— Exercise instructions —
Each record below is to be copied exactly; the pictures are to be omitted.
Segment Start: Working data
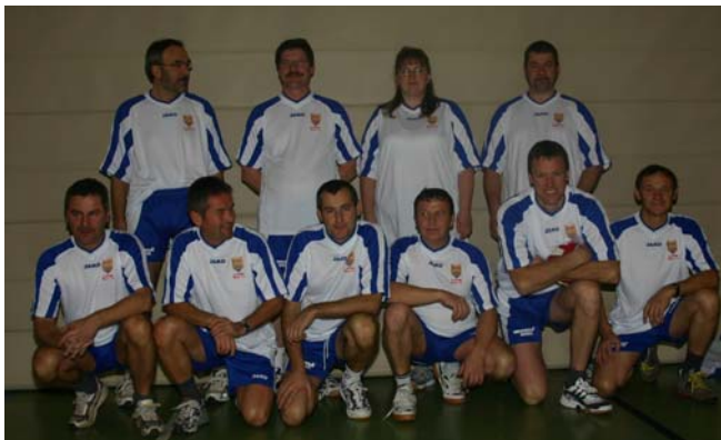
Tirol - 7. Platz
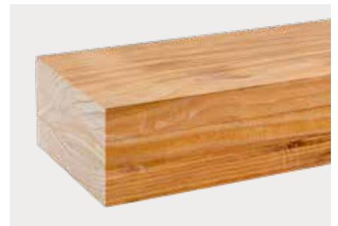
Accoya zum Streichen
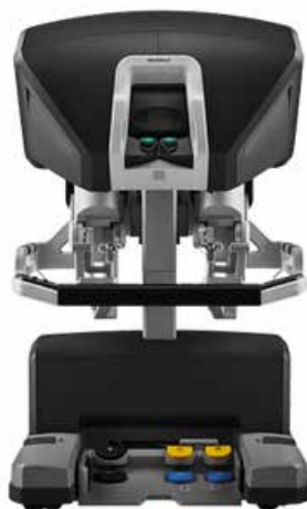
Robot da Vinci Xi® : la console du chirurgien avec vision tridimensionnelle et ses 2 manettes pour contrôler les bras et instruments du robot
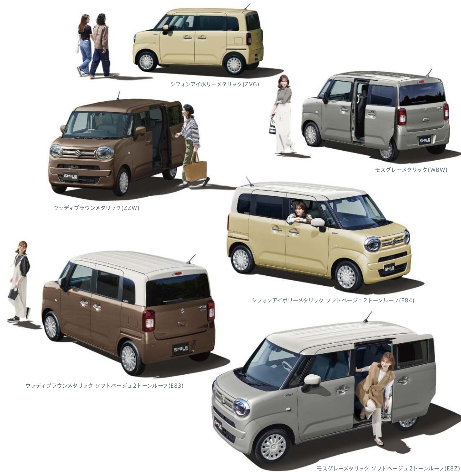
シフォンアイボリーメタリック (ZVG)
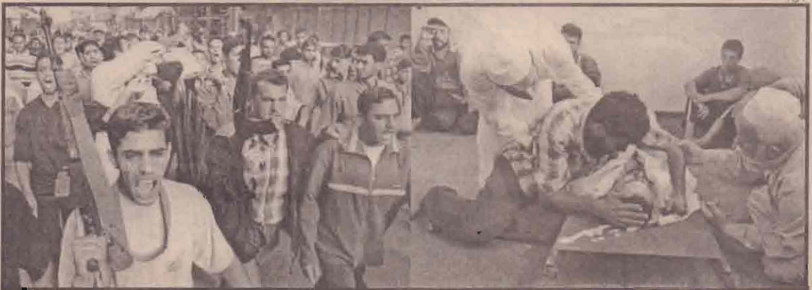
காலியூஸில் நேற்று இஸ்ரேலியப் படையினர் நடத்திய தாக்குதலில் உயிரிழந்த பலஸ்தீனர்களின் ஒருவரது கிறித்த ஊர்வலத்தையும் மருதியில் மற்றொருவரின் சடலம் கிறித்த சடங்குகளுக்காக வைக்கப்பட்டிருப்பதையும் படங்களில் காணலாம்.

இப்பகுதியில் பலஸ்தீனத் தீவிரவாதிகளின் ஆயுதத் தொழிற்சாலையும், வெடிபொருள் களஞ்சியமும் கண்டுபிடிக்கப்பட்டதையடுத்தே தீவிரவாதிகளின் நிலைகள் மீது இராணுவ நடவடிக்கை மேற்கொள்ளப்பட்டதாக இஸ்ரேல் தெரிவித்தது. இத்தாக்குதல்களுக்குப் பழிவாங்குவதாக ஹமஸ் இயக்கம் குறைத்தது. அப்பாவி பலஸ்தீனப் பொதுமக்கள் கொல்லப்பட்டதற்கு, இஸ்ரேலியப் பொதுமக்களைக் கொல்லாதே தண்டனை என்று அந்த இயக்கம் தெரிவித்தது.
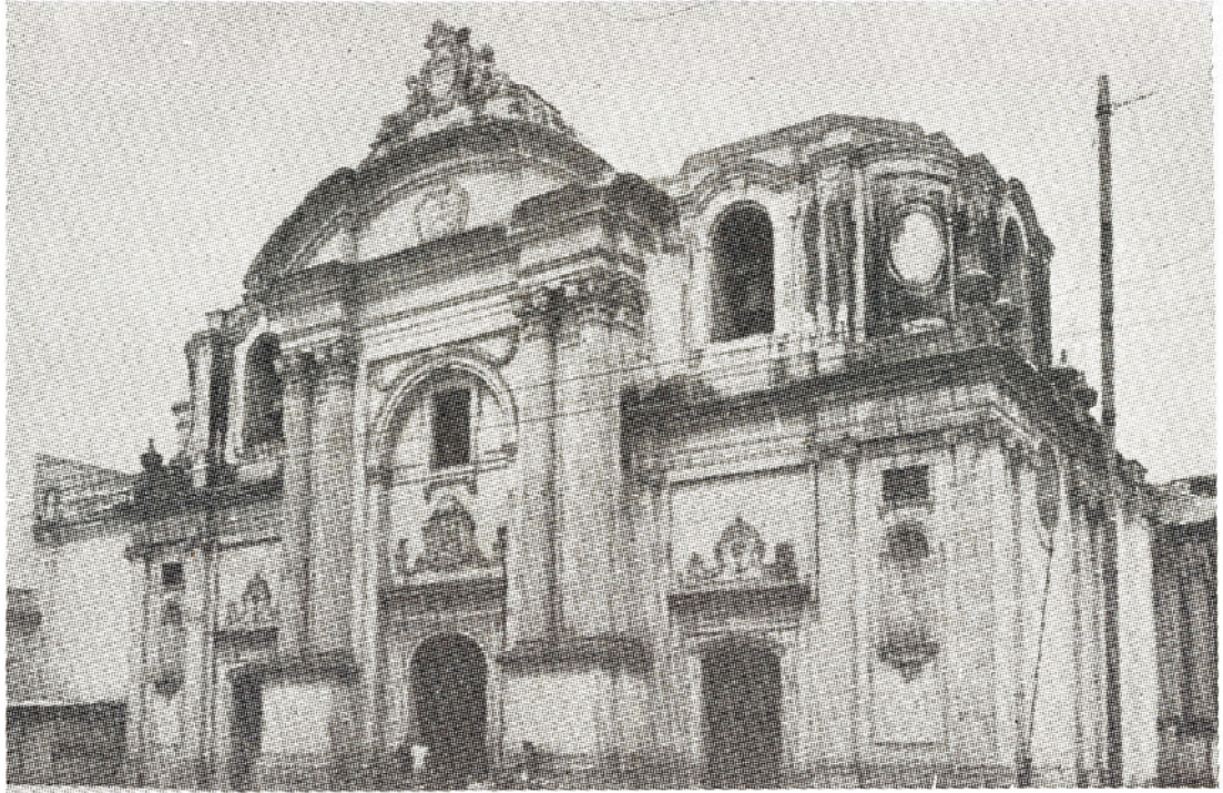
Fachada de la iglesia La Merced, Ciudad de Guatemala. 1963 y 1969.
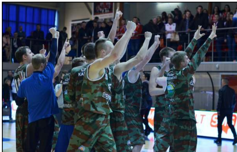
Molėtų krašto sporto aistruoliams "Ežerūnas" per 15 savo istorijos metų dovanavo daugybę nepakartojamų akimirku

Molėtų "Ežerūno" komanda informuoja, kad šiais metais ji išnyks iš Lietuvos krepšinio žemėlapiu. Išplatintame pranešime rašoma, kad per penkiolika metų trukusį komandos, kuri turėjo, beje, ir įvairių pavadinimų pridėdant "karys", "tiumenas", "atletas" gyvavimą buvo iškovota daug pergalių ir trofėjų, smagūs prisiminimai ilgam išliks atmintyje. Daugumai krepšinio aistruolių Molėtų miestas asocijuojasi su "Ežerūno" klubu, tad dėkojama sirgaliams, kurie klubo egzistavimo pradžioje netilpo į tribūnas, rėmėjams, kurie prisidėjo prie klubo egzistavimo, ko (Nukelta į 3 psl.)
Segment End: Working data
— Answer space —
Tirol - 7. Platz
Accoya zum Streichen
Robot da Vinci Xi® : la console du chirurgien avec vision tridimensionnelle et ses 2 manettes pour contrôler les bras et instruments du robot
シフォンアイボリーメタリック (ZVG)
காலியூஸில் நேற்று இஸ்ரேலியப் படையினர் நடத்திய தாக்குதலில் உயிரிழந்த பலஸ்தீனர்களின் ஒருவரது கிறித்த ஊர்வலத்தையும் மருதியில் மற்றொருவரின் சடலம் கிறித்த சடங்குகளுக்காக வைக்கப்பட்டிருப்பதையும் படங்களில் காணலாம்.

இப்பகுதியில் பலஸ்தீனத் தீவிரவாதிகளின் ஆயுதத் தொழிற்சாலையும், வெடிபொருள் களஞ்சியமும் கண்டுபிடிக்கப்பட்டதையடுத்தே தீவிரவாதிகளின் நிலைகள் மீது இராணுவ நடவடிக்கை மேற்கொள்ளப்பட்டதாக இஸ்ரேல் தெரிவித்தது. இத்தாக்குதல்களுக்குப் பழிவாங்குவதாக ஹமஸ் இயக்கம் குறைத்தது. அப்பாவி பலஸ்தீனப் பொதுமக்கள் கொல்லப்பட்டதற்கு, இஸ்ரேலியப் பொதுமக்களைக் கொல்லாதே தண்டனை என்று அந்த இயக்கம் தெரிவித்தது.
Fachada de la iglesia La Merced, Ciudad de Guatemala. 1963 y 1969.
Molėtų krašto sporto aistruoliams "Ežerūnas" per 15 savo istorijos metų dovanavo daugybę nepakartojamų akimirku

Molėtų "Ežerūno" komanda informuoja, kad šiais metais ji išnyks iš Lietuvos krepšinio žemėlapiu. Išplatintame pranešime rašoma, kad per penkiolika metų trukusį komandos, kuri turėjo, beje, ir įvairių pavadinimų pridėdant "karys", "tiumenas", "atletas" gyvavimą buvo iškovota daug pergalių ir trofėjų, smagūs prisiminimai ilgam išliks atmintyje. Daugumai krepšinio aistruolių Molėtų miestas asocijuojasi su "Ežerūno" klubu, tad dėkojama sirgaliams, kurie klubo egzistavimo pradžioje netilpo į tribūnas, rėmėjams, kurie prisidėjo prie klubo egzistavimo, ko (Nukelta į 3 psl.)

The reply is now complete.